The CSV provides the molecular data. The TOML profile tells CHAMANP how to use that data:
| TOML field | How to choose it from your data |
|---|---|
database_path |
Path to your input CSV file. |
collection_taxonomy_path |
Path to the JSON file that lists valid collection names. |
target_collections |
Collection label or labels to extract from the CSV collections column. These names must exist in the taxonomy JSON. |
collection_logic |
Use OR to keep molecules present in any requested collection, or AND to keep only molecules present in all requested collections. |
selected_properties |
Column names from the CSV that should be retained in the output tables. |
reports_path |
Folder where the text report should be written. |
collection_tag |
Short file-safe tag used in output filenames. |
morgan_radius and morgan_bits |
RDKit Morgan fingerprint settings. |
remove_stereo_duplicates |
Whether CHAMANP should collapse stereochemistry-related duplicate structures during curation. |
For the included example CSV, the header starts with:
identifier,canonical_smiles,name,molecular_weight,alogp,topological_polar_surface_area,np_likeness,collections
Because canonical_smiles and collections are present, CHAMANP can curate
molecules and filter by collection. Because the file contains labels such as
ChEMBL NPs, the example TOML can request:
database_path = "examples/example_chamanp.csv"
collection_taxonomy_path = "source_data/coconut_taxonomy.json"

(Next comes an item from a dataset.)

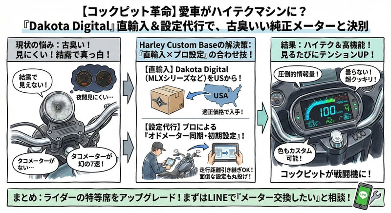ハーレー純正メーターの課題 結露や視認性の問題 ハーレーダビッドソンの純正アナログメーターは、クラシックなデザインが魅力的で、伝統的な雰囲気を持っています。しかし、長年の使用で多くのオーナーが抱える悩みがあります。 「雨上がりや冬の朝、メー... -

target_collections = ["ChEMBL NPs"]
collection_logic = "OR"
For your own CSV, create a TOML profile by changing the paths, collection names, retained columns, and output tag to match your dataset.
Python API Examples¶
from chamanp import ChamanpConfig
cfg = ChamanpConfig(
DATABASE_PATH="examples/example_chamanp.csv",
REPORTS_PATH="artifacts/reports",
COLLECTION_TAXONOMY_PATH="source_data/coconut_taxonomy.json",
TARGET_COLLECTIONS=["ChEMBL NPs"],
COLLECTION_TAG="chembl",
COLLECTION_LOGIC="OR",
MORGAN_RADIUS=2,
MORGAN_BITS=1024,
SELECTED_PROPERTIES=[
"identifier",
"canonical_smiles",
"name",
"molecular_weight",
"alogp",
"topological_polar_surface_area",
"np_likeness",
"collections",
],
REMOVE_STEREO_DUPLICATES=True,
)
from chamanp import ChamanpConfig, validate_config
cfg = ChamanpConfig.from_toml("my-chamanp-profile.toml")
validate_config(cfg)
from chamanp import ChamanpConfig, run
cfg = ChamanpConfig.from_toml("my-chamanp-profile.toml")
result = run(cfg)
print(result.valid_molecules_count)
print(result.fingerprints_path)
from chamanp import ChamanpConfig, ChamanpResult, run
cfg = ChamanpConfig.from_toml("my-chamanp-profile.toml")
result = run(cfg)
assert isinstance(result, ChamanpResult)
print(result.status)
print(result.report_path)
Public API¶
| Symbol | Description |
|---|---|
ChamanpConfig |
Runtime configuration object |
ChamanpResult |
Lightweight result returned by run() |
validate_config |
Validate configuration before execution |
run |
Execute the CHAMANP pipeline |
__version__ |
Package version string |
See the API Reference for public API documentation generated from the package docstrings.